The SkyLine 6” clearly resolves the moons of Jupiter into disks – albeit tiny – and they can easily be seen along with their shadows when they transit across Jupiter. Jupiter itself sports many colorful cloud belts and storms along with the famous Great Red Spot. Saturn’s rings are easy to see even at low magnification; high power reveals the Cassini Division and cloud belts on Saturn itself on a steady night, along with up to 8 moons circling Saturn. Uranus and Neptune appear as blue-teal dots; one or two of Uranus’ 4 large moons may just barely be visible while Triton is a little easier to spot orbiting Neptune – though these moons require dark skies to see clearly due to their faintness. Pluto is practically impossible to see with a 6” telescope as it is constantly getting further from the Sun and thus dimmer for the next century.
Viewing deep-sky objects with the SkyLine 6, or any telescope, is dependent on your light pollution levels, but even city skies will still allow you to see bright open and globular clusters along with of course double stars. Dark skies will enable the SkyLine 6 to reveal thousands of galaxies, including the dust lanes and hints of spiral arms in some of the brightest ones, as well as resolve globular star clusters into their individual stellar components. The large emission nebulae like the Orion Nebula, the Lagoon, and the Swan look wonderful, especially with an added UHC filter, and you can start to go after the smaller and colorful planetary nebulae like the Cat’s Eye or the Ring.
Drawbacks
Slightly More Expensive
No 2″ Focuser
The SkyLine 6 is slightly more expensive than other 6” f/8 Dobsonians, such as the XT6, but by the time you account for the SkyLine’s included eyepiece the gap is pretty much closed. The Apertura DT6 is exactly the same telescope as the SkyLine 6” apart from the lack of a 9mm eyepiece and often available at a lower price, but not always in stock. The only scope we might consider having better value is the Sky-Watcher Heritage 150P which has a wider field of view, collapsible tube, and considerably lower price, but it’s a tabletop telescope and also subject to stock issues at this time.

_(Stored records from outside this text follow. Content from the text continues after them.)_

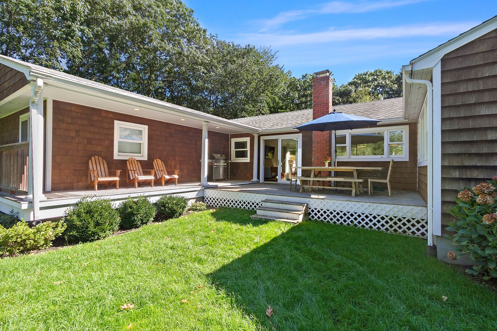 Experience the best of Sag Harbor summer living in this beautifully updated four-bedroom home just two blocks from the water. Originally renovated in 2013, the residence offers a seamless open layout with a chef's kitchen at its heart, featuring marble countertops, a spacious island with seating, and high-end stainless steel appliances. Natural light fills both the main living area and a separate sunlit gathering room, creating inviting space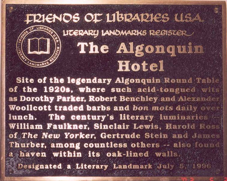 FRIENDS OF LIBRARIES USA [59-63 West 44 Street] Site of the legendary Algonquin Round Table of the 1920s, where such acid-tongued wits as Dorothy Parker, Robert Benchley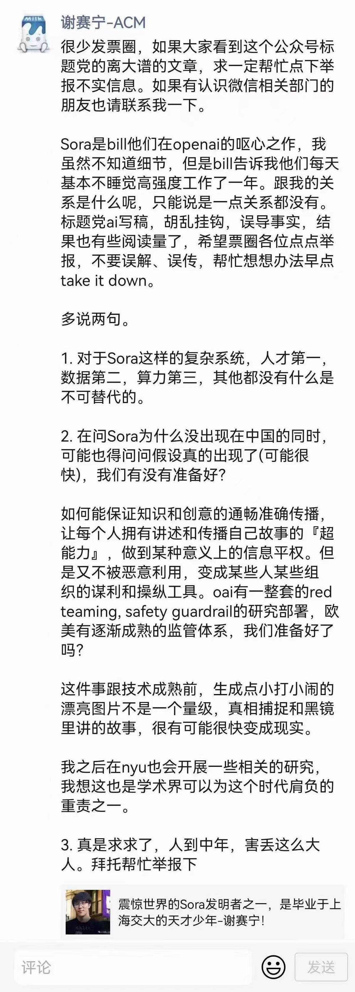 4、谢赛宁否认系Sora发明者

The lack of a 2” focuser on the SkyLine 6” is considered to be a drawback by some, but vignetting occurs with many of the mass-market 6” f/8 telescopes and 2” eyepieces even if they can technically accommodate them.
Conclusion
The Orion SkyLine 6” is a great scope, and one that we certainly recommend, though we’d recommend seeing if the Apertura DT6 is in stock at a lower price before purchasing. An 8” or 10” scope from Orion, Apertura, or another manufacturer may also be worth considering, as one will have basically the same size tube and mount but provide much better views due to the greater light gathering ability and resolving power that more aperture brings.